## Task goal
Set down the whole listing below exactly, without pictures.

## Data extract
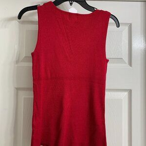 Very pretty red sleeveless sweater in excellent condition. The stone embellishments really make this pop! Size Small. Material is rayon and nylon. Smoke free/pet free home.
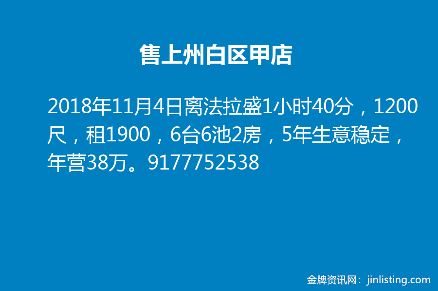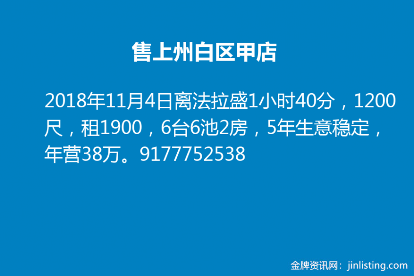 售上州白区甲店,离法拉盛1小时40分,1200尺,租1900,6台6池2房,5年生意稳定,年营38万。9177752538
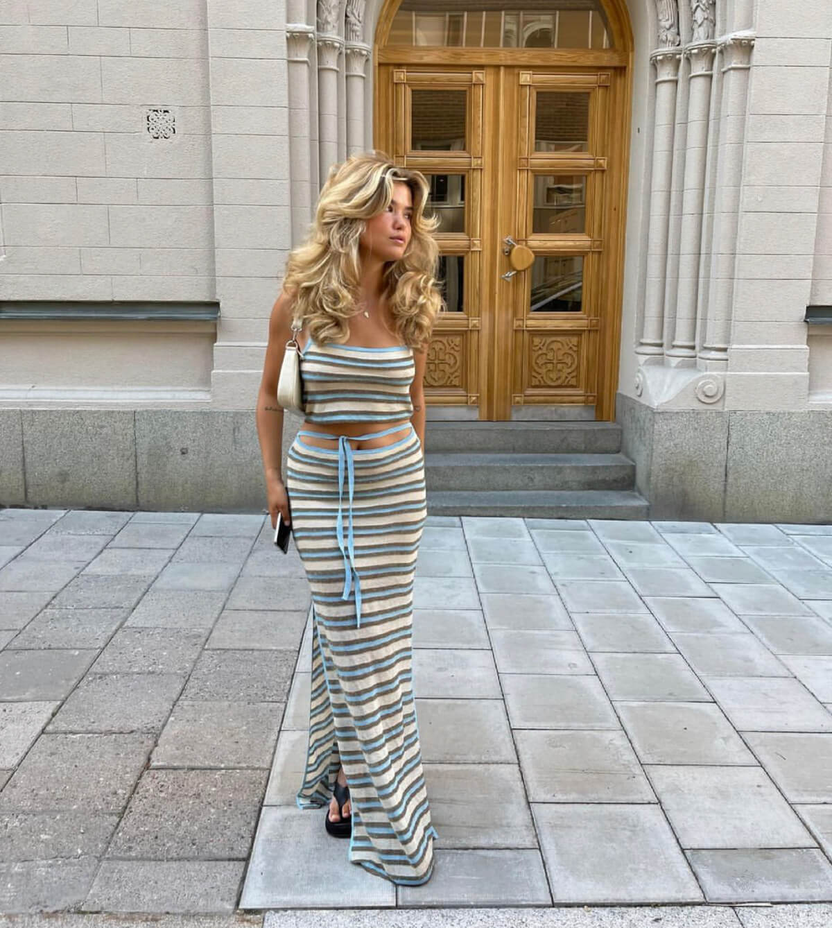 Maxi and easy: ενώ λοιπόν, άλλα Scandi girls θα επέλεγαν να φορέσουν ένα ποδηλατικό κολάν, ή μια χυτή μονόχρωμη παντελόνα, η Matilda Jerf ποντάρει στις ρίγες, στα total set και στα ευκολοφόρετα υφάσματα και το αποτέλεσμα είναι εξαιρετικό.
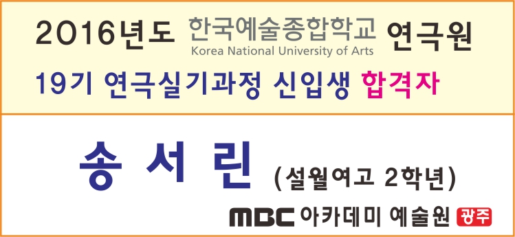 한예종 연극원 19기 연극실기과정 신입생 합격자 페이지 정보 작성자 관리자 댓글 0건 조회 29,479회 작성일 15-11-27 22:38 본문 한예종 연극원 19기 연극실기과정 신입생 합격자 목록 이전글 2016학년도 실시간 합격자 현황 [백석예대] 15.12.09 다음글 2016학년도 실시간 합격자 현황 [계원예고] 15.11.16

## Output for this exercise
 Very pretty red sleeveless sweater in excellent condition. The stone embellishments really make this pop! Size Small. Material is rayon and nylon. Smoke free/pet free home.
 售上州白区甲店,离法拉盛1小时40分,1200尺,租1900,6台6池2房,5年生意稳定,年营38万。9177752538
 Maxi and easy: ενώ λοιπόν, άλλα Scandi girls θα επέλεγαν να φορέσουν ένα ποδηλατικό κολάν, ή μια χυτή μονόχρωμη παντελόνα, η Matilda Jerf ποντάρει στις ρίγες, στα total set και στα ευκολοφόρετα υφάσματα και το αποτέλεσμα είναι εξαιρετικό.
 한예종 연극원 19기 연극실기과정 신입생 합격자 페이지 정보 작성자 관리자 댓글 0건 조회 29,479회 작성일 15-11-27 22:38 본문 한예종 연극원 19기 연극실기과정 신입생 합격자 목록 이전글 2016학년도 실시간 합격자 현황 [백석예대] 15.12.09 다음글 2016학년도 실시간 합격자 현황 [계원예고] 15.11.16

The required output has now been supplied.